Work required.
What is needed is every line from the one holding "Everything is a" to the last line of the data below, printed exactly and without pictures.

Data extracted from a collection
--------
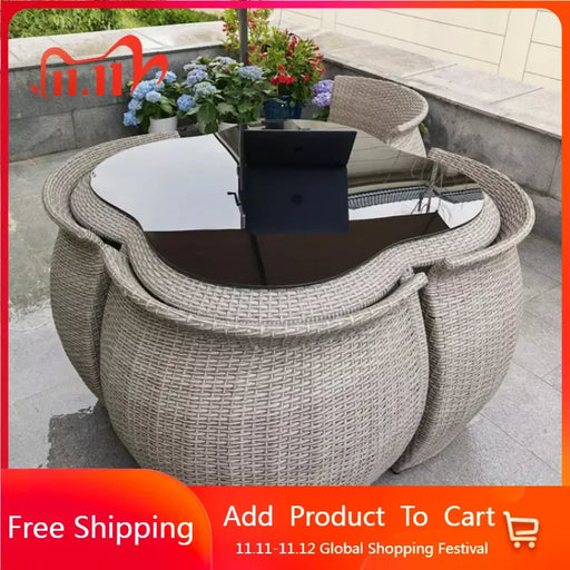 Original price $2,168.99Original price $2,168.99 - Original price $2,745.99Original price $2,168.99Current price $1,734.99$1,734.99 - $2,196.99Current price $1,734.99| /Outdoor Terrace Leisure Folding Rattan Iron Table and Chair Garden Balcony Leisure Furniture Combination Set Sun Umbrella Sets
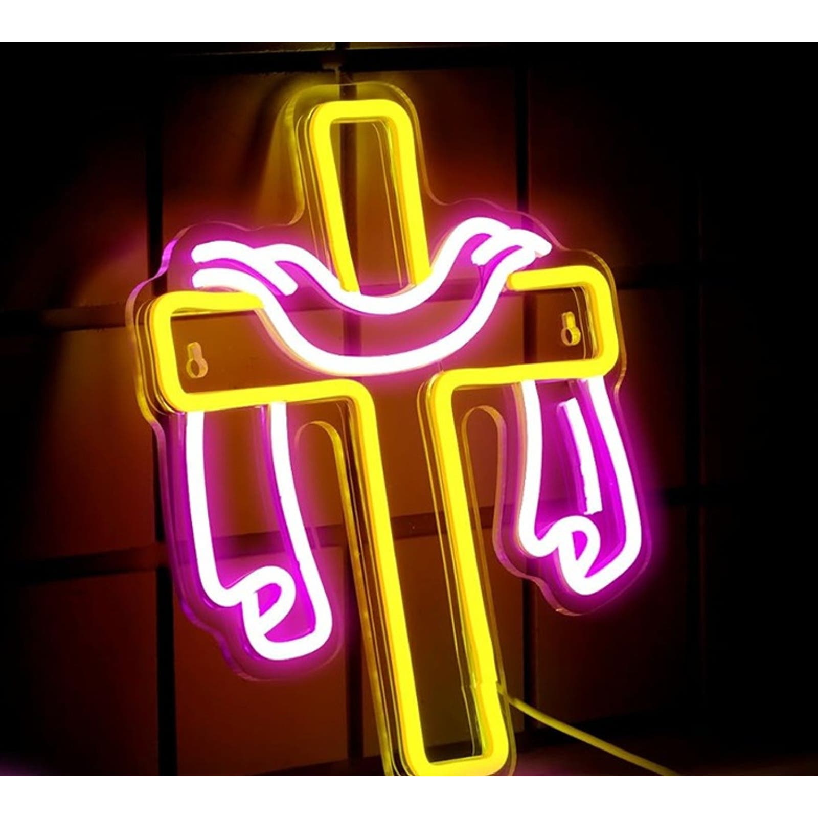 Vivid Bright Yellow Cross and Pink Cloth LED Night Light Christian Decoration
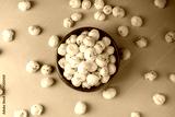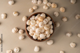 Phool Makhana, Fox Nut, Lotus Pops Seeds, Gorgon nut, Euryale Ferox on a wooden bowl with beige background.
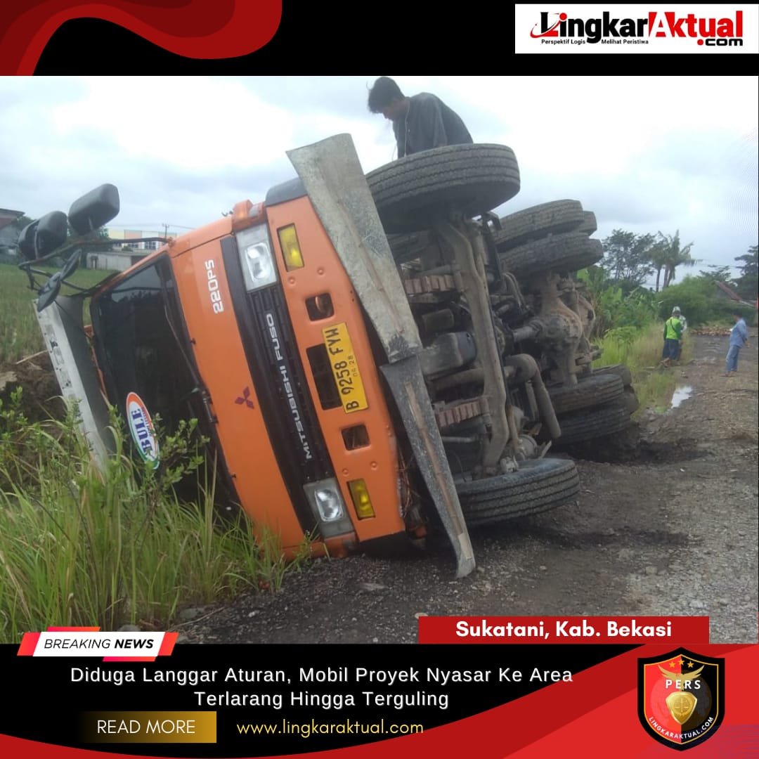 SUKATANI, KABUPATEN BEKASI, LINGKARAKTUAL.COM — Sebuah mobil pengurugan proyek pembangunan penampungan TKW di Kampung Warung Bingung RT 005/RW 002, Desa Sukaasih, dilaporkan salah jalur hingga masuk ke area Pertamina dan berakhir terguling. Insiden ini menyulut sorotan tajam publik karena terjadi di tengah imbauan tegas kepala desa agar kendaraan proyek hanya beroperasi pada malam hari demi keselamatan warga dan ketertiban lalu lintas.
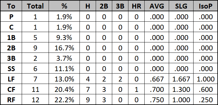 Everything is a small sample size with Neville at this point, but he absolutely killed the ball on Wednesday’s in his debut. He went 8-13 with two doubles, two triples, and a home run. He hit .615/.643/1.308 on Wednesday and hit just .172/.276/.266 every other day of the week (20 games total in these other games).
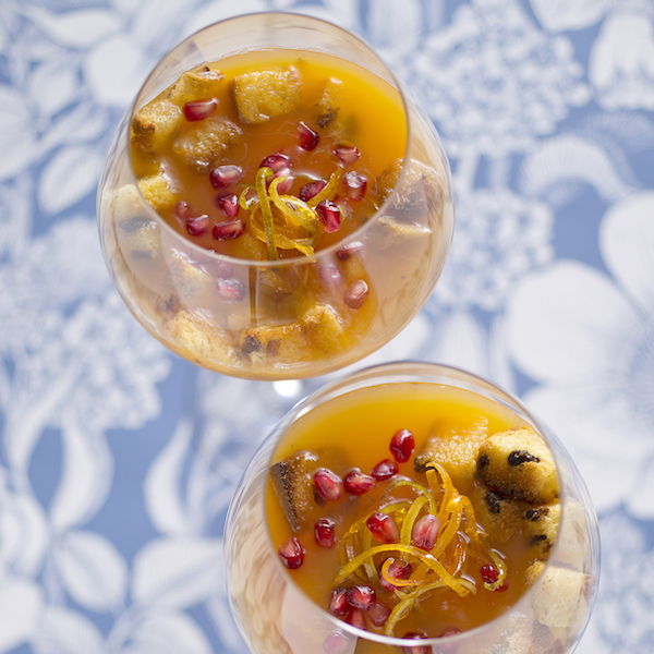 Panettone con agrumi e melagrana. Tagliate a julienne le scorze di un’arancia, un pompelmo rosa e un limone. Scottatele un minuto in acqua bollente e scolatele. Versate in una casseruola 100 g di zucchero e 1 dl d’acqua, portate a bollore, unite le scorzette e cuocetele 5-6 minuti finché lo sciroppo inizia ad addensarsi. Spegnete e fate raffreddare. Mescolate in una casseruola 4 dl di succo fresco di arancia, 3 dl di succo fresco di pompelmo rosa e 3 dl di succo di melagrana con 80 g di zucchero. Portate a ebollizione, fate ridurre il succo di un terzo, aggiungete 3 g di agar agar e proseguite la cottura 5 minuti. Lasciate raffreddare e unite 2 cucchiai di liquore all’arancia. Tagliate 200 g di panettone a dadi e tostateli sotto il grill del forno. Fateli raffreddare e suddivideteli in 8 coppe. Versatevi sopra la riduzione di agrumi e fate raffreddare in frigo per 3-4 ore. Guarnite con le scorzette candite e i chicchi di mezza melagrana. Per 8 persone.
--------
Output.
 Everything is a small sample size with Neville at this point, but he absolutely killed the ball on Wednesday’s in his debut. He went 8-13 with two doubles, two triples, and a home run. He hit .615/.643/1.308 on Wednesday and hit just .172/.276/.266 every other day of the week (20 games total in these other games).
 Panettone con agrumi e melagrana. Tagliate a julienne le scorze di un’arancia, un pompelmo rosa e un limone. Scottatele un minuto in acqua bollente e scolatele. Versate in una casseruola 100 g di zucchero e 1 dl d’acqua, portate a bollore, unite le scorzette e cuocetele 5-6 minuti finché lo sciroppo inizia ad addensarsi. Spegnete e fate raffreddare. Mescolate in una casseruola 4 dl di succo fresco di arancia, 3 dl di succo fresco di pompelmo rosa e 3 dl di succo di melagrana con 80 g di zucchero. Portate a ebollizione, fate ridurre il succo di un terzo, aggiungete 3 g di agar agar e proseguite la cottura 5 minuti. Lasciate raffreddare e unite 2 cucchiai di liquore all’arancia. Tagliate 200 g di panettone a dadi e tostateli sotto il grill del forno. Fateli raffreddare e suddivideteli in 8 coppe. Versatevi sopra la riduzione di agrumi e fate raffreddare in frigo per 3-4 ore. Guarnite con le scorzette candite e i chicchi di mezza melagrana. Per 8 persone.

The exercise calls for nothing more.